# New Loft layout question



## randymcone (Nov 19, 2008)

I'm getting to the point of putting up hardware cloth and placing perches and such in my new loft.
I have a question though.
I have a 2'x4'x6'5" aviary that's open the the loft.
Would there be any issue with me placing an automatic waterer in the aviary and the feed box in the loft? Does the water and the feed need to be in close proximity?
Having the water in the aviary would bypass any additional mess inside the loft.

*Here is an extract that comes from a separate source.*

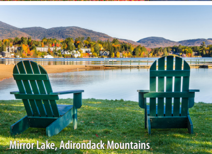
Mirror Lake, Adirondack Mountains

See the design on page 2 here: http://www.pigeons.biz/forums/f38/new-loft-design-beginner-31636.html


Thanks for all the help.
Randy


----------



## Ed (Sep 18, 2008)

I keep my waterer in the aviary and the feed and grit inside the loft.
I just make sure that I sweep up the floor everyday so it doesnt attract mice and other critters


----------



## karijo (Apr 11, 2006)

Randy, I think we are all waiting to see pics of your awesome loft!!


----------



## maine123 (Sep 21, 2007)

Yeah, we are waiting for pics!  it sounds like it will be amazing.


----------



## randymcone (Nov 19, 2008)

Thanks for the help.
I plan on taking a lot of pictures once I'm done.
Since I have little construction experience, this project has taken a long time to build (I wanted to make sure I got it right).
It's only 8x6 with a 2x4x6.5 foot aviary and it's being built with only recovered, construction site materials, I don't know how *amazing* it will be, but it is sturdy and water proof. lol.


----------



## spirit wings (Mar 29, 2008)

I also put the water in the aviary, they just walk out and get a drink and it stays cleaner that as no dust gets in the water from them, if it is in the loft it should be up off the floor so no debris can get in the water and it stays cleaner. putting it in the aviary works for me.


----------